What’s actually happening (in plain terms)

• Stage 1 looks clean enough to pass Apple checks: The user is tricked into running a signed + notarized Swift “installer” app (so it launches with fewer warnings than an unsigned app).
• Stage 1 is mostly a downloader: The installer itself may not contain the stealer. Instead, it fetches a second-stage payload from the internet after it’s already running.
• Why this matters: Apple’s notarization is largely aimed at scanning what’s submitted. If the submitted app behaves like a “thin installer” that pulls content later, detection becomes harder.

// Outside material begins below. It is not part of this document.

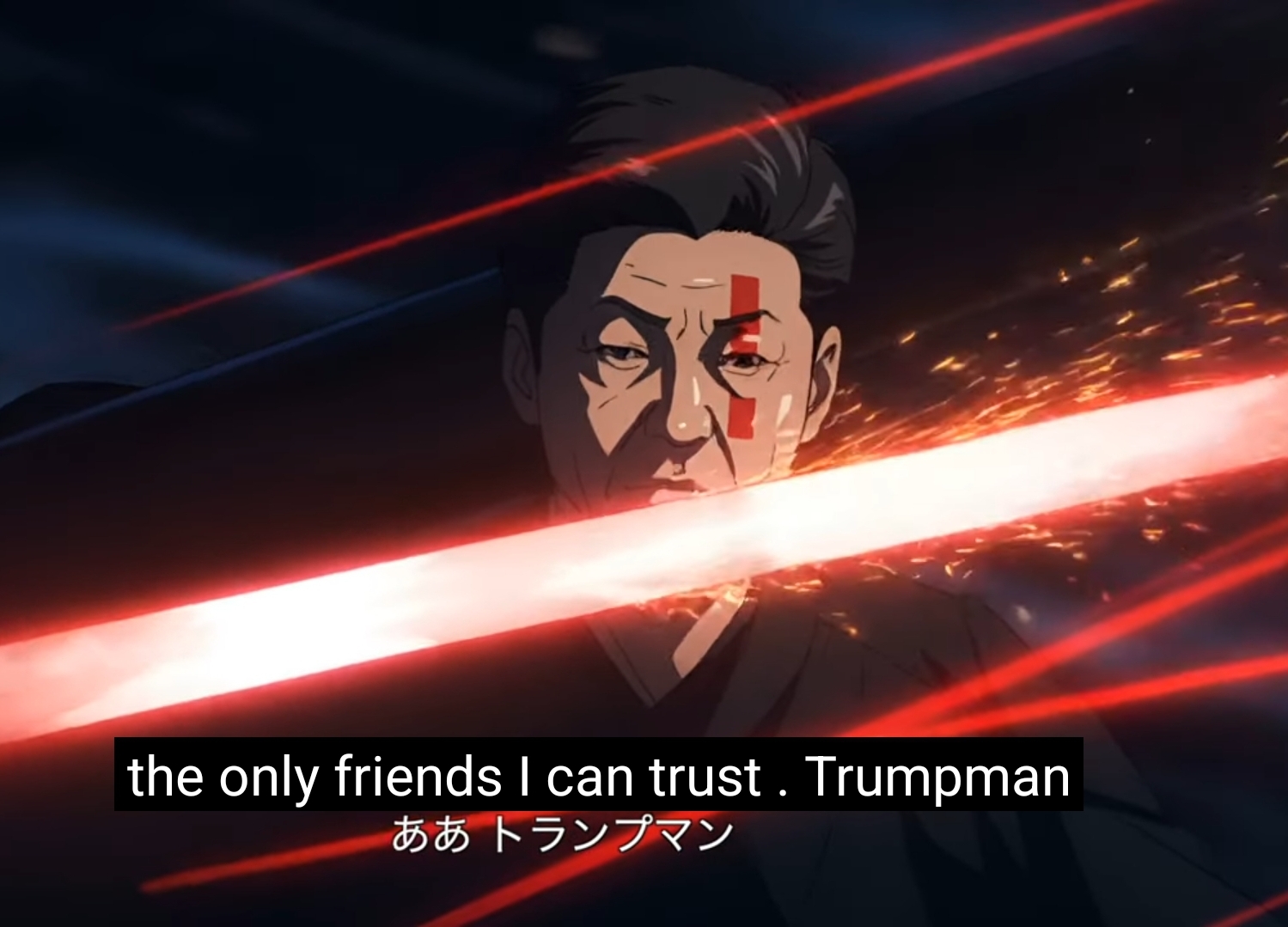 진핑거맨이 애니속 암흑조직 "유니피케이션"의 암살자를 비겁하게 고용해서 죽은줄만 알았던 트럼프의 영원한 라이벌이자 친우, "아베 더 불렛"이 류노킨타마의 힘으로 돌아와서 세계정복을 꿈구는 진핑거맨을 억까의 억까를 이겨내고 마지막 순간에 트럼프맨과 초필살기, The World's Greatest Liars를 써서 진핑거맨을 두동강내는 장면이 너무 인상적이었는데 와... 앀ㅋㅋㅋㅋㅋㅋㅋㅋ

Key takeaway for the thread

• “Notarized” means “Apple scanned and allowed it at some point,” not “safe.”
• A signed/notarized app can still be malicious, can be abused, or can become malicious via a follow-on download.
• Revocation helps, but there can be delays and gaps (and systems that haven’t checked in recently may not get instant benefit).

Practical protection steps for macOS users

• Treat “random DM/email download + installer” as high risk, even if it opens without Gatekeeper prompts.
• Prefer Mac App Store or vendor’s official site. Avoid “messenger/crypto/meeting” installers pushed via links.
• Verify the developer signature before running (Finder → Get Info, or right-click → Open then review the prompt details). Signature presence is not proof of safety, but mismatch/odd developer names are a strong red flag.
• Use reputable security scanning (on-device AV/EDR) and/or upload the file/hash to VirusTotal for a multi-engine look (keeping in mind false positives/negatives happen).
• If already executed: disconnect from network, run a full scan, and consider posting logs in the MalwareTips macOS malware removal section for guided cleanup.

Bottom line: The technique isn’t “Gatekeeper is broken,” it’s attackers abusing the trust signals (signed/notarized) for the initial launch and moving the real malicious behavior to a later stage. The most effective defense remains source verification + skepticism of unsolicited installers + layered scanning.